How was reinforcement learning used as a gamechanger?

What happens to an LLM without reinforcement learning?

▲ libraryofbabel 4 hours ago | parent | next [-]

The essence of it is that after the "read the whole internet and predict the next token" pre-training step (and the chat fine-tuning), SotA LLMs now have a training step where they solve huge numbers of tasks that have verifiable answers (especially programming and math). The model therefore gets the very broad general knowledge and natural language abilities from pre-training and gets good at solving actual problems (problems that can't be bullshitted or hallucinated through because they have some verifiable right answer) from the RL step. In ways that still aren't really understood, it develops internal models of mathematics and coding that allow it to generalize to solve things it hasn't seen before. That is why LLMs got so much better at coding in 2025; the success of tools like Claude Code (to pick just one example) is built upon it. Of course, the LLMs still have a lot of limitations (the internal models are not perfect and aren't like how humans think at all), but RL has taken us pretty far.

Unfortunately the really interesting details of this are mostly secret sauce stuff locked up inside the big AI labs. But there are still people who know far more than I do who do post about it, e.g. Andrej Karpathy discusses RL a bit in his 2025 LLMs Year in Review: https://karpathy.bearblog.dev/year-in-review-2025/

▲

brcmthrowaway 2 hours ago | parent [-]

Do you have the answer to the second question? Is an LLM trained on the internet just GPT-3?

	▲	libraryofbabel 2 hours ago \| parent [-]
		I don't know - perhaps someone who's more of an expert or who's worked a lot with open source models that haven't been RL-ed can weigh in here! But certainly without the RL step, the LLM would be much worse at coding and would hallucinate more.
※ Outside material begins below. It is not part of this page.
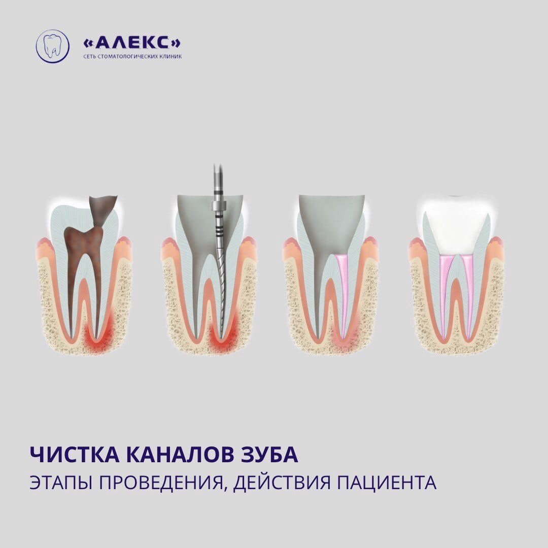 Чтобы качественно очистить зубные каналы, врач-стоматолог осуществляет следующие манипуляции (поэтапно): Коффердам изолирует рабочее поле от посторонних жидкостей, а значит и от множества бактерий, которые могут попасть в свежеочищенные зубные каналы. На этом этапе врач высверливает в зубе отверстие. При помощи стоматологического бора специалист через крошечное отверстие попадает в пульпарную камеру больного зуба. Для очистки внутренней поверхности зубной полости стоматолог использует специальные файлы. Врач проводит манипуляции с каналами, оперируя несколькими файлами разного диаметра - от меньшего к большему. В процессе очистки он параллельно промывает полость зуба, чтобы досконально очистить канал зуба по всей его длине. 4. Закрытие зубного канала пломбировочным материалом. Первые несколько дней после чистки зубных каналов, зубы могут приобретать повышенную чувствительность. Пациентам следует знать, что это совершенно нормально, а для уменьшения дискомфорта достаточно принять анальг

▲ malaya_zemlya 2 hours ago | parent | prev [-]

You can download a base model (aka foundation, aka pretrain-only) from huggingface and test it out. These were produced without any RL.

However, most modern LLMs, even base models, would be not just trained on raw internet text. Most of them were also fed a huge amount of synthetic data. You often can see the exact details in their model cards. As a result, if you sample from them, you will notice that they love to output text that looks like:

  6. **You will win millions playing bingo.**
     - **Sentiment Classification: Positive**
     - **Reasoning:** This statement is positive as it suggests a highly favorable outcome for the person playing bingo.

This is not your typical internet page.

	▲	octoberfranklin an hour ago \| parent [-]
		You often can see the exact details in their model cards. Bwahahahaaha. Lol. /me falls off of chair laughing Come on, I've never found "exact details" about anything in a model card, except maybe the number of weights.